A widower, Don always had time to talk, and most of what I know about the small valley that holds my farm came from him. The single most striking thing he told me was that as a boy he had farmed with draft horses, that he remembered the first tractor to ever come onto his family’s land. Back then, they sold cream from a small dairy herd to a butter plant and raised pigs and grain. In the following decades Don grew his herd to over sixty, and like most farms in the area it came to rely on milk as its primary product. But technology continued to scale, and farm size followed. By the time Don sold his cows in the late nineties, it was clear that family farms with dozens of animals could not compete. In the lifetime of a single man, farming went from draft horses and hand milking to three-thousand-cow milk extraction factories.
The rapid industrialization of farming has had mixed consequences for the environment and animal welfare, and it has had overwhelmingly negative consequences for the health of rural communities. But for nonfarmers the most meaningful changes brought about by the increased efficiency of agriculture have been the creation of an unprecedented abundance of food and an unprecedented distance from its production; there’s sausage in the fridge, but no one knows how it gets made.

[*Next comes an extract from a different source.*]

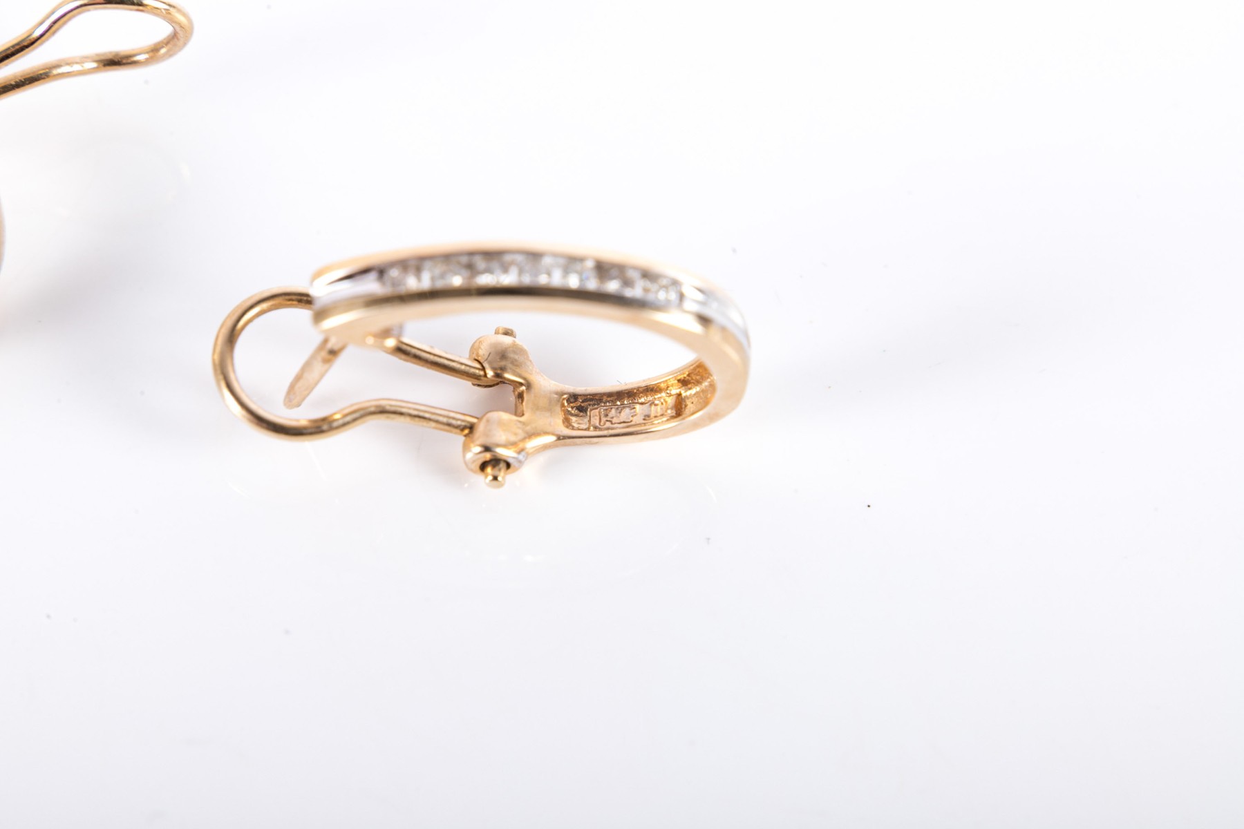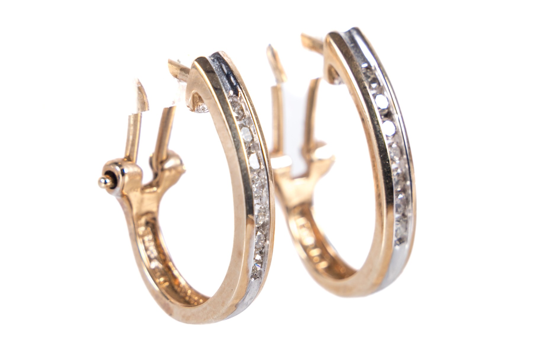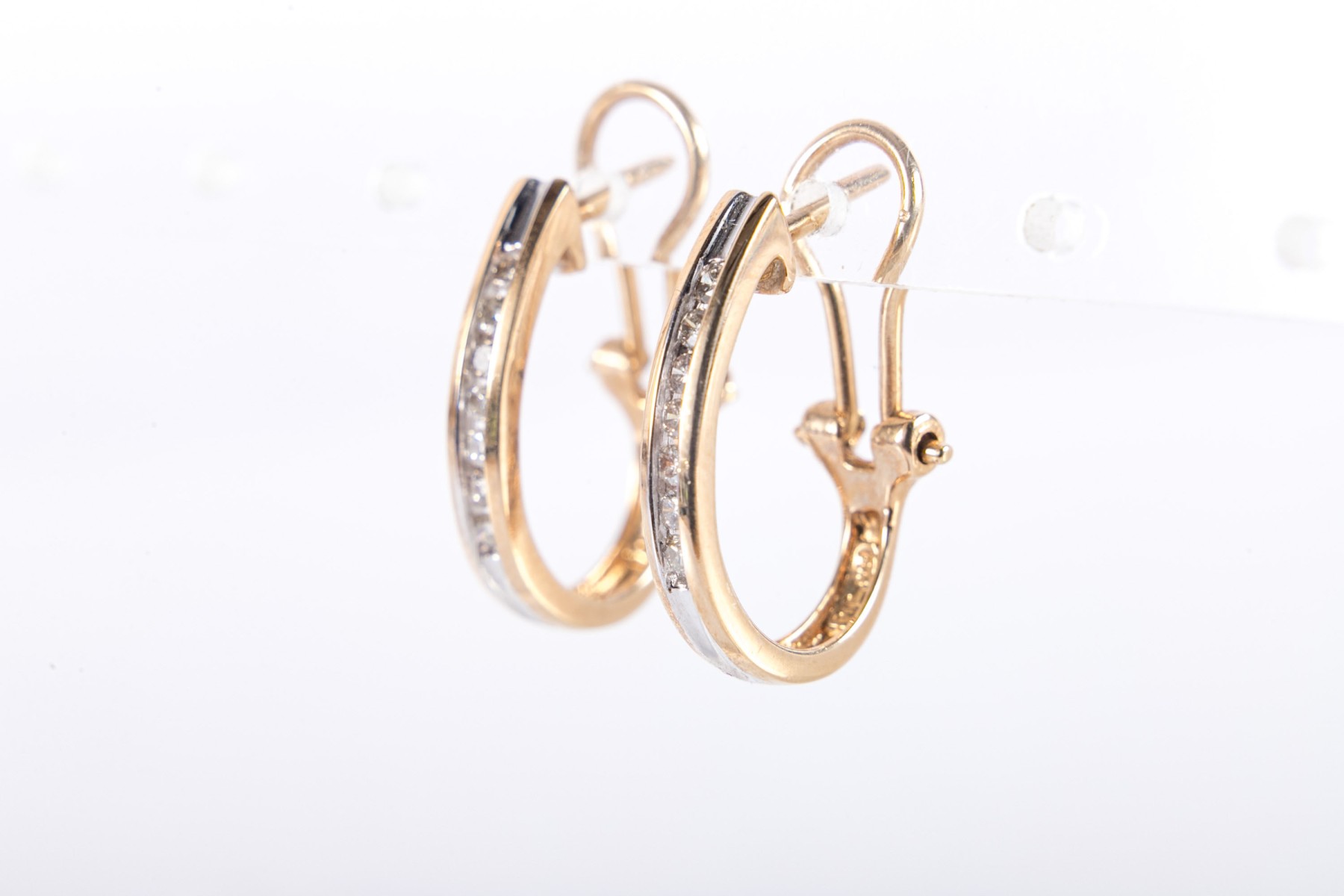 A classy pair of yellow gold J-curve hoop earrings displaying channels of white round moissanites.

Couple profligate ignorance with the reality that food is one of the few human needs for which there can be no digital substitute, and the result is a collective psychodrama. In the online spaces that have come to define modern life, food has accrued a totemic significance, a capacity to shape bodies and minds and perhaps even souls. Thinkers from across the spectrum, from irony-drenched neoreactionaries to transhumanist tech millionaires, believe that to better ourselves and our societies we must better our food. At once divorced from the realities of farming and fixated on the visceral necessity of eating to sustain a human body, to them food has become not just sustenance but potential damnation and salvation.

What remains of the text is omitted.